I want to select a subset of a 4-D tensor (attention matrix of a multi-head-attention-block) based on the indices specified by a 3-D tensor B. Tensor A has shape (a, b, c, d) and a tensor B of shape (a, b, g). B contains the indices I want to select from A. Here g < c meaning that I want to select a subset (size g) from the axis c of A. The respective entries from dimension d of A should be kept. The resulting subset of A should therefore have shape (a, b, g, d).

If you know how to do this, I would really appreciate your help. I’ve tried to solve this on my own for hours but I could not figure it out. Thank you for your reply!

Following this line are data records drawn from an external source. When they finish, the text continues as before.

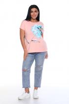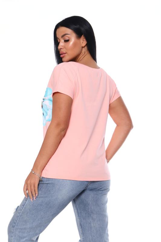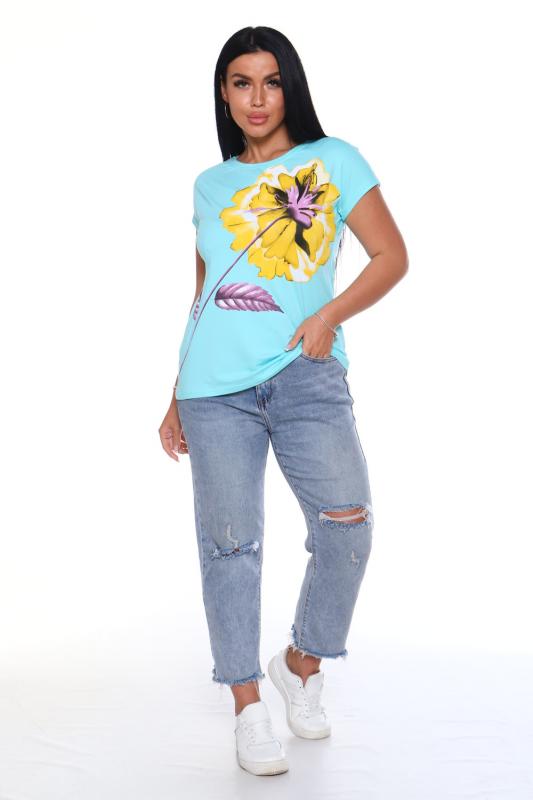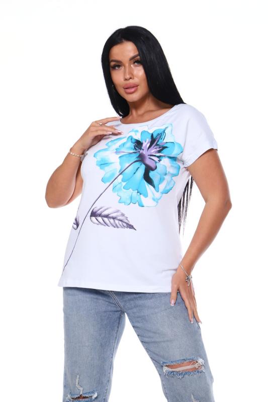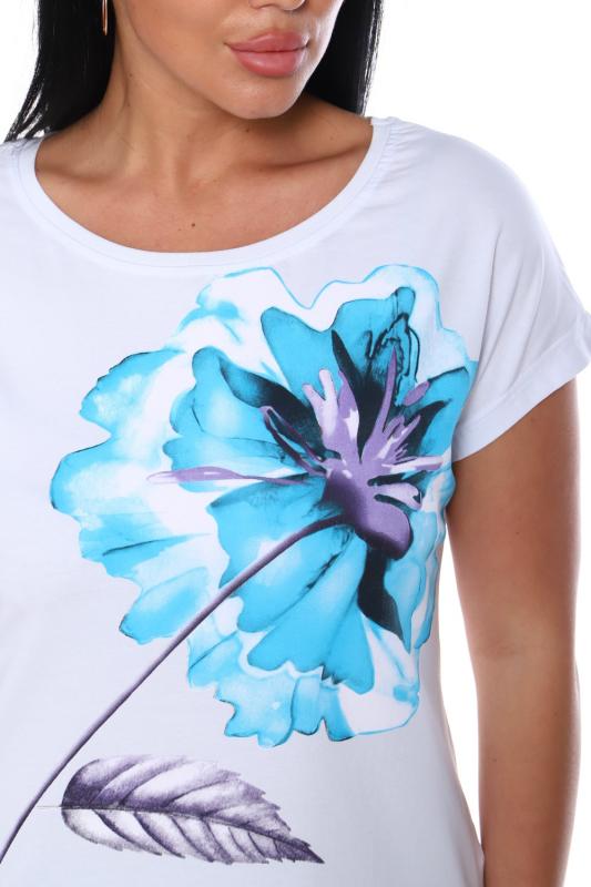 Футболка женская свободного силуэта, с цельнокроеным спущенным рукавом. Спинка оформлена рельефами. Длина изделия до середины бедра. Полочка декорирована принтом в виде цветка. Идеально подходит к брюкам или юбке
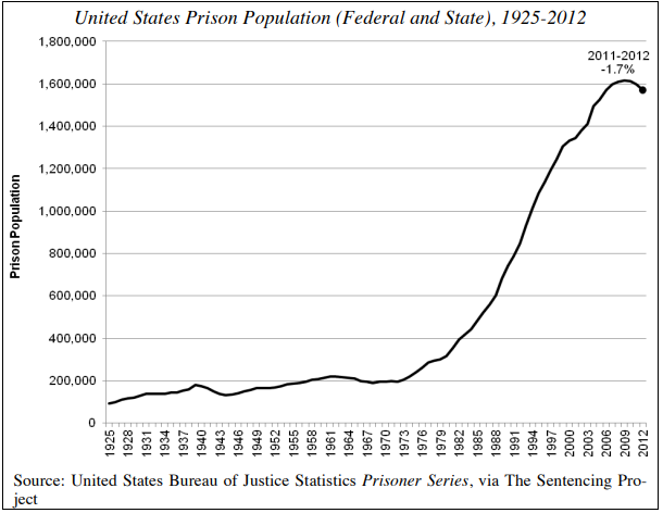 By the end of 2012, the U.S. prison population stood at 1.57 million people, constituting a 1.7% reduction from the previous year. In 2012, while 28 states reduced their prison population that year, contributing to a national reduction of 29,000 inmates, 51% (or 15,035) of that reduction was due solely to California.
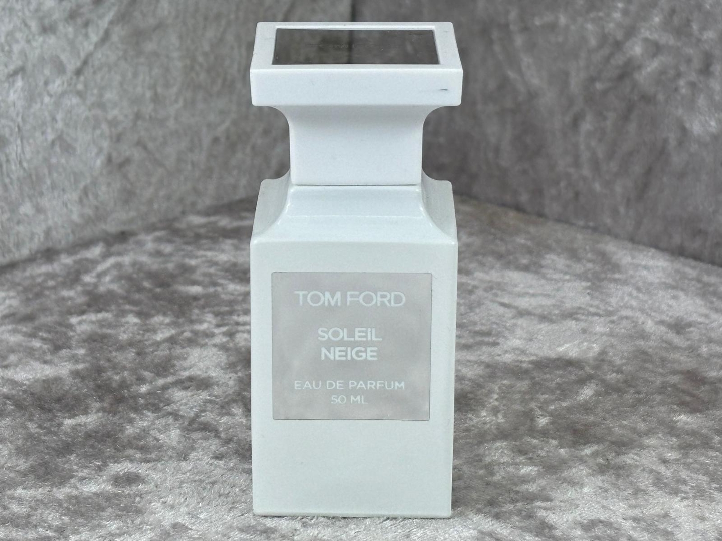 A 50ml bottle of Soleil Neige Eau De Parfum by Tom Ford. This luminous Private Blend fragrance captures the contrast of bright winter sun against fresh alpine snow, blending crisp florals with creamy warmth. Elegant and radiant, it delivers a refined presence that feels both cool and enveloping from the very first spray.
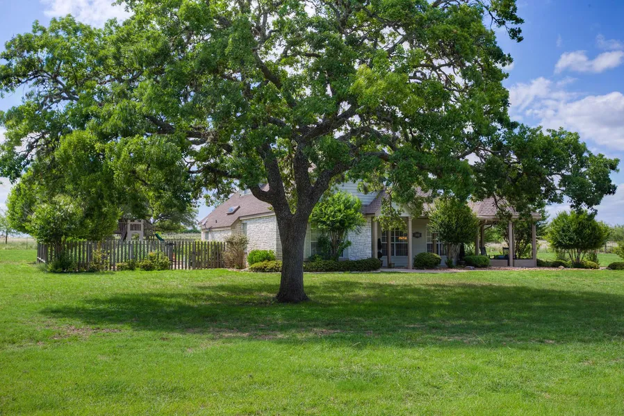 Delightful Hill Country Home in the Homestead at Turtle Creek! This 4/2/1 has an open and bright floorplan! Living area features a beautiful ceiling length stone fireplace, updated flooring, built-ins, large windows,well appointed kitchen with oak cabinetry & granite counter tops, laundry room & bonus storage cabinets. Down stairs is the large master suite with jetted tub, walk-in closet, double sink vanity,& skylight,w/4th bedroom/office down. Upstairs features two good size bedrooms,full bath with double sink vanity,& spacious BONUS room!Lovely covered front porch with gazebo right off the kitchen, Entertaining made easy with outdoor kitchen area,TV w/covered patio seating that conveys,large backyard w/tree house,partially xeriscaped area w/water feature,& fire pit. Park like setting!
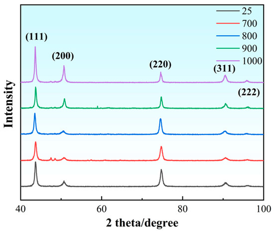 Figure 1 presents the X-ray diffraction (XRD) patterns of the FeCoNiCrTi0.2 high-entropy alloy in the as-rolled condition and after annealing at various temperatures. The results indicate that all specimens retain a single-phase face-centered cubic (FCC) structure, confirming the alloy’s excellent phase stability across the temperature range from 25 °C to 1000 °C. The primary diffraction peaks clearly correspond to the (111), (200), (220), (311), and (222) crystallographic planes of the FCC phase. Notably, a weak diffraction signal is observed near the (200) peak in the specimen annealed at 700 °C, which may be attributed to the minor precipitation of the σ phase [31]. The diffraction peak positions remain largely unchanged across the entire temperature range, suggesting that the small addition of Ti does not lead to significant phase decomposition or appreciable lattice parameter variations, thereby further supporting the thermal stability of the alloy.
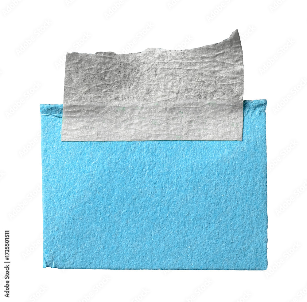 Piece of blank blue paper memo note with texture and adhesive sticky tape with copy space for text, isolated transparent png background design element #1725501511
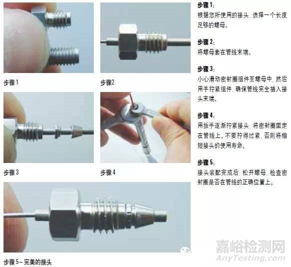 安捷倫推薦帶前后墊圈的 Swagelok 型接頭,能讓安捷倫液相色譜系統(tǒng)獲得最佳性能。在所有儀器連接處都可以使用這種接頭,包括閥、加熱器、連接色譜柱等。進行良好連接的步驟如圖3:
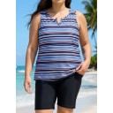 Navy Stripe V Neck Sleeveless Modest Padded Plus Size Women's Swimsuit Tankini Top

Since I messed up the description, this was not quite the solution I was looking for. Luckily I found a solution by now. I also updated the post and here is the solution for anyone in the future who is looking for it:

def select_subset(A, B):
# A.shape = (a, b, c, d) (float)
# B.shape = (a, b, g) (int 0 <= g < c)
# C.shape = (a, b, g, d) (parallely for a, b select vectors d of A at indices g in c.)

a, b, c, d = A.shape
a_, b_, g = B.shape
assert a == a_ and b == b_ and g <= c, "Invalid shapes of A and B!"
indices = B.unsqueeze(-1).expand(a, b, g, d) # shape: (a, b, g, d)
C = torch.gather(A, dim=2, index=indices) # shape: (a, b, g, d)
return C